And I mean that literally. I don’t seem to have much good illness-reading lying around, so I’ve been watching movies and tooling around the internets.
- Via MR, a post on measuring whether a classical composer is over- or undervalued. That’s a bit of a contentious way to word it, but check out the lists.
10 most under-valued composers
Adrian Willaert
Jean-Baptiste Lully
Anton Webern
Guillaume de Machaut
Guillaume Dufay
Arnold Schoenberg
Josquin des Prez
Giovanni Pierluigi da Palestrina
Jean-Philippe Rameau
Orlande de Lassus10 most over-valued composers
Johannes Brahms
Camille Saint-Saens
Charles Gounod
Giuseppe Verdi
Edvard Grieg
Antonio Vivaldi
Antonin Dvorak
Pyotr Tchaikovsky
Georges Bizet
Giacomo PucciniThis is based on a measure of how often the composer is discussed in encyclopedias, via a score from Charles Murray’s Human Accomplishment, compared with how many works are available via Amazon. The comments to the post point out some issues with the methodology, which I’m not necessarily endorsing, but what’s interesting here (also noted in the comments, but it jumped out at me right away) is that the undervalued composers lean so heavily pre-classical, even pre-baroque. Those guys are all over the encyclopedias because they laid the groundwork for what would come, but, in the words of Steve Sailer, “It’s like if you were writing a scholarly history of the Beatles, you’d have to write about the skiffle groups of Liverpool in the 1950s that John and Paul listened to as adolescents, but the public doesn’t want to listen to them, it wants to listen to the Beatles.”

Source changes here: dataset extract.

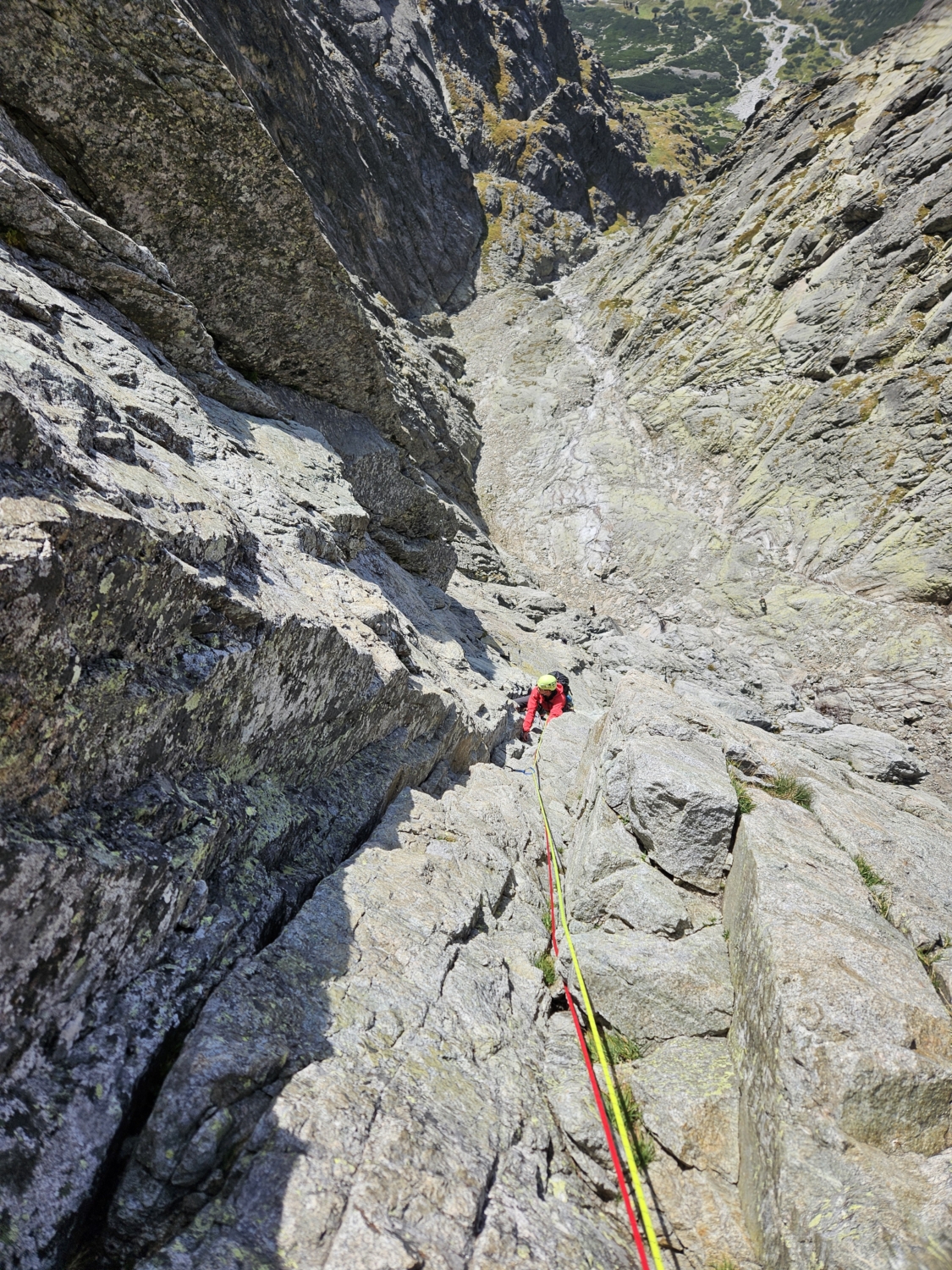 Druhý den jsme dost použití, rozhodnuto je lehké kratší lezení pod Terynkou na Žltou vežu. Korosadowiče (lezli jsme před pár lety, pamatuji si samozřejmě prd jen že to bylo v cajku) začíná tahat Dája, je spokojen akorát asi únava z předchozího dne v kombinaci se špatným stravováním si vybírá daň – je mu šoufl. Dále tedy tahá Sham, Dája se uprostřed na štandu vyblije, ale i tak mu není do skoku. Dolézáme jinak celkem bez problémů, cesta je to pohodová, dojištěná vrtanými štandy + občas i mezijištěními. Pro urychlení sestupu při objevení fajn slanovacího chumlu smyc volím slanění z hřebene směr jih místo obcházení přes Terynku. Slanění na 2x 60m taktak vydá pod skály do sutě (s lehkým doskakováním \ traverzováním mechů) a i lano se podaří stáhnout, úspěch. Tekutá suť je humus a poslední hřebík do rakve.

Sort of interesting in itself though. If I had that Charles Murray book I’d be tempted to run the experiment on writers. Or maybe specifically on novelists. Who would be the “undervalued”/less-read foundation layers?
- Last week, or was it the week before, I decided to take the plunge and finally join Netflix. It is possible, just possible, that I am now reading somewhat less on that account and here I publicly apologize. One of the reasons I’d been attracted to it was its well-known recommendation system, supposed to be one of the best. On actual recommendation grounds, I do like it. I think it is probably generally better than Amazon. But what’s really great is the way it phrases the things it thinks you will like. For example, on my personalized homepage it tells me I like “visually-striking cerebral independent movies.” Don’t worry, I’m only half-pretentious: one of my other “taste preferences” is for “goofy movies starring Dan Aykroyd.”
Pandora does something similar that I’ve always thought was cool. If you ask why it’s playing something, it will tell you something like that it “features a romantic-era style, a symphony orchestra, tonal harmony, minor key tonality and an exaggerated, dramatic aesthetic.” That’s all stuff from their “music genome,” I suppose. I don’t know why I’m attracted to phrasing like this so much more than “because you rated The Queue,” but I am. (I’m sure it says something negative about my personality.)
So what would my taste preferences be in books? “Quirky, understated Japanese fiction with unnamed narrators”? “Linguistically striking epic stories about incest”?
- Via Overlawyered, the FTC proposes rules on blogger product endorsements.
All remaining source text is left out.